About this task:
Would you please output, word for word, the span of the listing below that opens on the line containing "Once we click" and closes on the line containing "Power tool drawer"? Include both ends and nothing more.

Supplied material:
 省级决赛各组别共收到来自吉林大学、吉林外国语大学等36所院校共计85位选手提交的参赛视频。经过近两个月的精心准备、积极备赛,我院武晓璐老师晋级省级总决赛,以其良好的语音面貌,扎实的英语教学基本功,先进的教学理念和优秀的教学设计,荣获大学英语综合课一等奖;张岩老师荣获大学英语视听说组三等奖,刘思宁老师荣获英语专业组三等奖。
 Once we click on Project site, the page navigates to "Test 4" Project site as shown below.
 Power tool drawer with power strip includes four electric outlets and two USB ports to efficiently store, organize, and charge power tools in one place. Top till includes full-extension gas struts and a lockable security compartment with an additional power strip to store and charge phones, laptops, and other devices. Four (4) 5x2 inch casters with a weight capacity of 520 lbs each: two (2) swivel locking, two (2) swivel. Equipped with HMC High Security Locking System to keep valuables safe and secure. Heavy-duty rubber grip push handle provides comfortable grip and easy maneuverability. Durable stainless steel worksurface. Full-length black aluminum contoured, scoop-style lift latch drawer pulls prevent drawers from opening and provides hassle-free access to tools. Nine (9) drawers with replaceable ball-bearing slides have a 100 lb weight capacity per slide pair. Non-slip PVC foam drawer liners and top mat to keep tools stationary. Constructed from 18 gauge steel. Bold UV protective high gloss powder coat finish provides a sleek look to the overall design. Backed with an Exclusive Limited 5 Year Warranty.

--

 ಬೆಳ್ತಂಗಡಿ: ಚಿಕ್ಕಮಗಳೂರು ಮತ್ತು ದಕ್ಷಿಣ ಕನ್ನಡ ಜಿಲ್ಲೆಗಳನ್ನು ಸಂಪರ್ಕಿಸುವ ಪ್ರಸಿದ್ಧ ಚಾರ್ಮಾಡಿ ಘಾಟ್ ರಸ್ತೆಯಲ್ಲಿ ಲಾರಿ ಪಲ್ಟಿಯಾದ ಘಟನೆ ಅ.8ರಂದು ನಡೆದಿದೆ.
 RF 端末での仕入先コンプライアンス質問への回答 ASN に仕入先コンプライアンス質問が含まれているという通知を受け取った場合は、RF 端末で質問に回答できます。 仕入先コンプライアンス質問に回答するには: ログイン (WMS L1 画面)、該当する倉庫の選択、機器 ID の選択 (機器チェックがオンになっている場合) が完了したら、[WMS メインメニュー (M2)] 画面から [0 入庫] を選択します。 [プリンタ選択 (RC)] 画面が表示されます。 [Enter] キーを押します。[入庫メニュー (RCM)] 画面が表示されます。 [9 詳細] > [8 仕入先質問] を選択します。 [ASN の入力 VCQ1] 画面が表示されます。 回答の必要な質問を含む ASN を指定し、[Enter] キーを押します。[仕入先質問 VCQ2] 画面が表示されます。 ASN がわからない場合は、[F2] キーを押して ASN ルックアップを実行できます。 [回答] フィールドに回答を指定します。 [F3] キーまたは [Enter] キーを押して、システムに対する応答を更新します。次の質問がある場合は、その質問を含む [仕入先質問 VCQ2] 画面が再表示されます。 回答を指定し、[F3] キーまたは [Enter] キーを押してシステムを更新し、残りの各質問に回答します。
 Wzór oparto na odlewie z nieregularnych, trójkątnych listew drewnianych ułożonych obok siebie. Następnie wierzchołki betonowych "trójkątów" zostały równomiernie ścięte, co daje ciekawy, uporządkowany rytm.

==

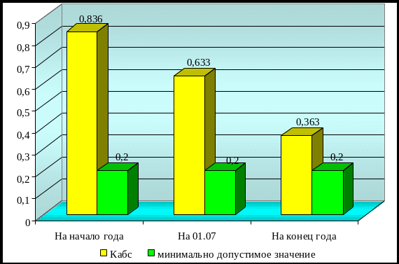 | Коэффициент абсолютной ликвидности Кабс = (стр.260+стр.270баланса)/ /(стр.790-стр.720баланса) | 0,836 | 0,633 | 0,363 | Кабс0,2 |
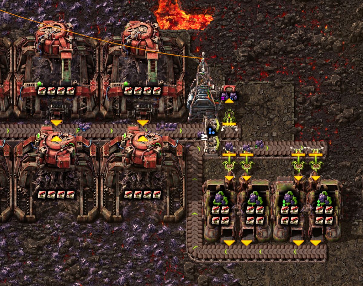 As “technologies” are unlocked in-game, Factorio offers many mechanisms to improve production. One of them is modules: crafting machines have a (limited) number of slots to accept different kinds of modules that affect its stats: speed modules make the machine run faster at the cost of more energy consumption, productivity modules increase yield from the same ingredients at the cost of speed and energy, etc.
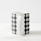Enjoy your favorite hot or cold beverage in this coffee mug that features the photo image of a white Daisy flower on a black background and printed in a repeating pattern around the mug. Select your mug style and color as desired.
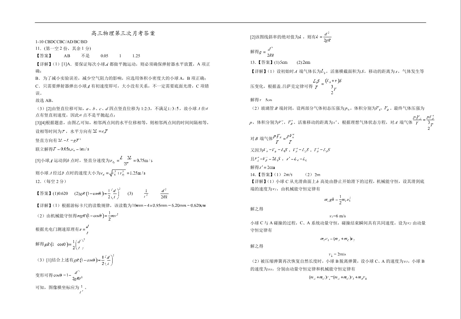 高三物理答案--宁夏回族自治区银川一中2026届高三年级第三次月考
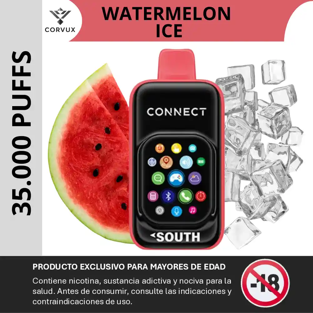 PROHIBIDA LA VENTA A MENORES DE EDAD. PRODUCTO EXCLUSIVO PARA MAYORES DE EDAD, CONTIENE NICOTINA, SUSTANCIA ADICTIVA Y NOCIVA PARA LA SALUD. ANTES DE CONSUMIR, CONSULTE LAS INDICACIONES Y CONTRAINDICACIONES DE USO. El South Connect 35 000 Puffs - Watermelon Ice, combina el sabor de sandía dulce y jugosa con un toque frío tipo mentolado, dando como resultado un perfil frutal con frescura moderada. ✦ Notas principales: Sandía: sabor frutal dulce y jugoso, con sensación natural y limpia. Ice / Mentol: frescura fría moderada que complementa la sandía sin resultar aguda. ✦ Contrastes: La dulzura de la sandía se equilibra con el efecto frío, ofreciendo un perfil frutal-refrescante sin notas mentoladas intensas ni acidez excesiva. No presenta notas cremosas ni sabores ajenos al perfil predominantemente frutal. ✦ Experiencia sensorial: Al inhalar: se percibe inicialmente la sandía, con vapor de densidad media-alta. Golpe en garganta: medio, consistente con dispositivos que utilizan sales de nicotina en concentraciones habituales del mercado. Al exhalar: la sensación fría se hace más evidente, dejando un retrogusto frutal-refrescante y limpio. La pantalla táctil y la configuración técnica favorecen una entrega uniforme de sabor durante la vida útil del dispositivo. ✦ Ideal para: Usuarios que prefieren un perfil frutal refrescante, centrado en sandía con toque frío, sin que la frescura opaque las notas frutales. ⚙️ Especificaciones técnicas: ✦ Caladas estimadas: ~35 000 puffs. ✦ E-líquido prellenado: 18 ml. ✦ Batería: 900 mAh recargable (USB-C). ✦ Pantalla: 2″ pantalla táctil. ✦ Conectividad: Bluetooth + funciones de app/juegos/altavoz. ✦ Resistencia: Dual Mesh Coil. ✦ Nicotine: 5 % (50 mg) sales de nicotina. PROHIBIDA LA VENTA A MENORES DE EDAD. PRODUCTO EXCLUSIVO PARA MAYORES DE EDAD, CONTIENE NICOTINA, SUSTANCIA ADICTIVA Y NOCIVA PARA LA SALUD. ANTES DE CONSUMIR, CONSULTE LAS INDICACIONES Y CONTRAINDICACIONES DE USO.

Written response:
 Once we click on Project site, the page navigates to "Test 4" Project site as shown below.
 Power tool drawer with power strip includes four electric outlets and two USB ports to efficiently store, organize, and charge power tools in one place. Top till includes full-extension gas struts and a lockable security compartment with an additional power strip to store and charge phones, laptops, and other devices. Four (4) 5x2 inch casters with a weight capacity of 520 lbs each: two (2) swivel locking, two (2) swivel. Equipped with HMC High Security Locking System to keep valuables safe and secure. Heavy-duty rubber grip push handle provides comfortable grip and easy maneuverability. Durable stainless steel worksurface. Full-length black aluminum contoured, scoop-style lift latch drawer pulls prevent drawers from opening and provides hassle-free access to tools. Nine (9) drawers with replaceable ball-bearing slides have a 100 lb weight capacity per slide pair. Non-slip PVC foam drawer liners and top mat to keep tools stationary. Constructed from 18 gauge steel. Bold UV protective high gloss powder coat finish provides a sleek look to the overall design. Backed with an Exclusive Limited 5 Year Warranty.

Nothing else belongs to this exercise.